If your program does not need Big-5 or GBK, then the compiler and
linker do not need to see those data tables. Data tables are generated
before compile time; no data files are read at run time.

2. There is no central registry of encodings, keyed by strings such as
"windows-1252" or "cp1252". If you want the Big-5 encoding, import
big5 and refer to big5.Encoding. If you want to implement the
equivalent of iconv, provide your own map[string]Encoding.

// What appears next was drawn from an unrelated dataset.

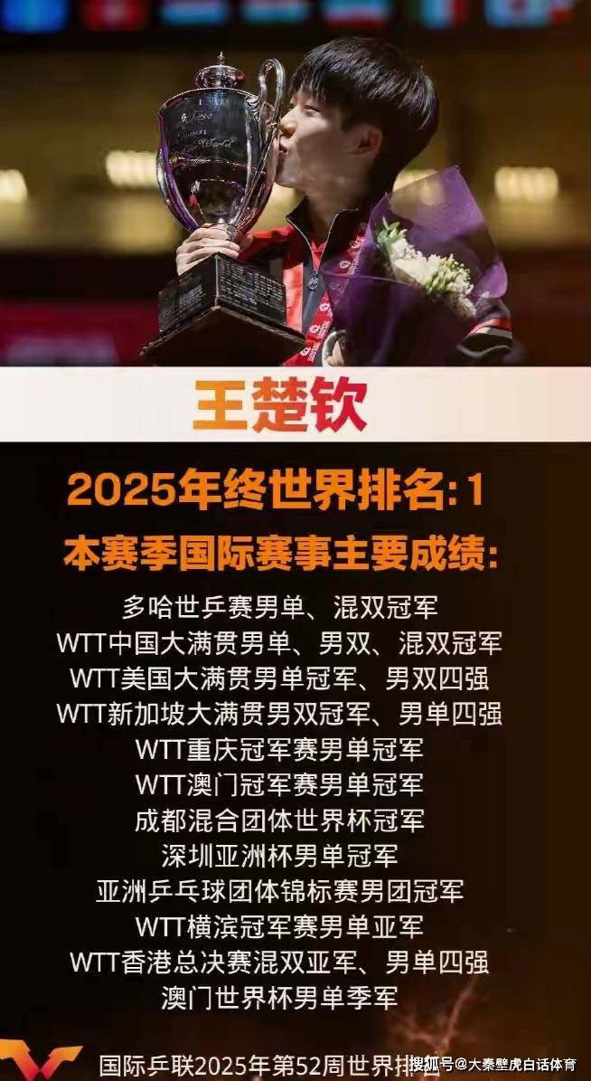 聚焦体坛资讯,关注赛场内外。 随着2025乒超联赛的结束,意味着国乒本赛季的所有比赛告一段落。 纵观整个2025赛季,国乒依然是当之无愧的乒坛霸主。 在樊振东和马龙、陈梦等奥运冠军远离国际赛场之际,在重大比赛里,孙颖莎、王楚钦、王曼昱等人,基本守住了大赛冠军。 尤其对于“一哥”王楚钦来说,巴黎奥运会止步32强、世界杯男单丢冠之后,身上的压力重如山,但求胜心强的大头还是坚持了下来,并以一个出色而成功的赛季结束。 当然,国乒目前面临的挑战还很多。 突出一点就是赛程密集而导致的顶尖球员伤情频出的问题。 帮助山东魏桥队拿到乒超男团冠军之后,王楚钦终于可以好好休息一下了。 在接受采访时,25岁的大头言语当中亦透露出些许的疲惫。 于是向国乒提出退出明年1月份的所有赛事,也就是包含多哈冠军赛在内的三站比赛。 几乎与此同时,国际乒联也是公布的2026年的巡回赛历。 从巡回赛历上能够看出,几乎每一个月的赛事都安排的满满当当。 即便是一名“劳模”球员,也很难保证全勤参与且不受伤。 所以在看到王楚钦和孙颖莎连续退出1月份的比赛之后,其实对于所有喜爱他们的球迷来说,无疑是长舒一口气的。 毕竟只有保证了身体健康,才能保证拿到好的成绩。 而在王楚钦退出明年一月份的比赛之后,国际乒联也是对于这位国乒“一哥”在2025赛季的表现有了充分肯定。 12月30日早上,WTT世界乒联官方写道: “世界排名第一,年终积分9925分。问鼎多哈,破界不止;冠冕加身,初心如刃…” 并且在配图上将王楚钦本年度所取得的主要成绩进行罗列。 可以看到,整个2025赛季,王楚钦光重量级的单打冠军就拿到了6个,冠绝男乒所有人。 更重要的是,在世界三大赛之一的世锦赛,王楚钦终于打破无冠历史,从而真正挑起国乒大梁。 出色的成绩后背是汗水的付出。 好成绩更需要肯定。 临近年底,各种颁奖评选活动非常多。 作为王楚钦一哥,又取得了太多的成绩,可以说拿奖拿到手发软。 这不,国内知名媒体《体坛周报》正式公布了2025年度“榜样的力量”获奖者。 这项评选中,乒乓球选手成功大赢家。 女单孙颖莎一枝独秀; 男单角逐中,王楚钦与樊振东两位顶尖高手的对话中笑到最后,荣获“年度最佳运动员奖”。 毕竟本赛季从对国乒的贡献上,大头的确更加当之无愧。 退出,是为了更好地复出。 明年一月份缺勤之后,王楚钦大概率会在2月份的亚洲杯上满血复活,届时一定会与国乒众将一起,继续捍卫国乒荣誉。 再次恭喜王楚钦,取得一个成功的2025赛季!(大秦壁虎白话体育)

2. There's only an Encoding. There is no separation of (stateless)
Factory and (stateful) Translator, or (stateless) Charset and
(stateful) Decoder.

3. The primary interface is batch; as I anticipate most users would
want to use NewReader or NewWriter, which boils down to Decode or
Encode. Decode takes []byte, DecodeRune is provided mostly as a
convenience. Decode takes a destination buffer as an argument, like
io.Reader, instead of returning a buffer, like go-charset. Unlike
mahonia, conversion does not require a Decoder call per decoded rune.

4. The Decode method does not take an explicit eof argument, unlike
go-charset. Decode will return nSrc == 0 if it cannot decode a rune
from src. It is up to the caller if it wants to behave differently
depending on whether or not they are at EOF.

5. The Writer implementation is buffered; it has an explicit Flush method.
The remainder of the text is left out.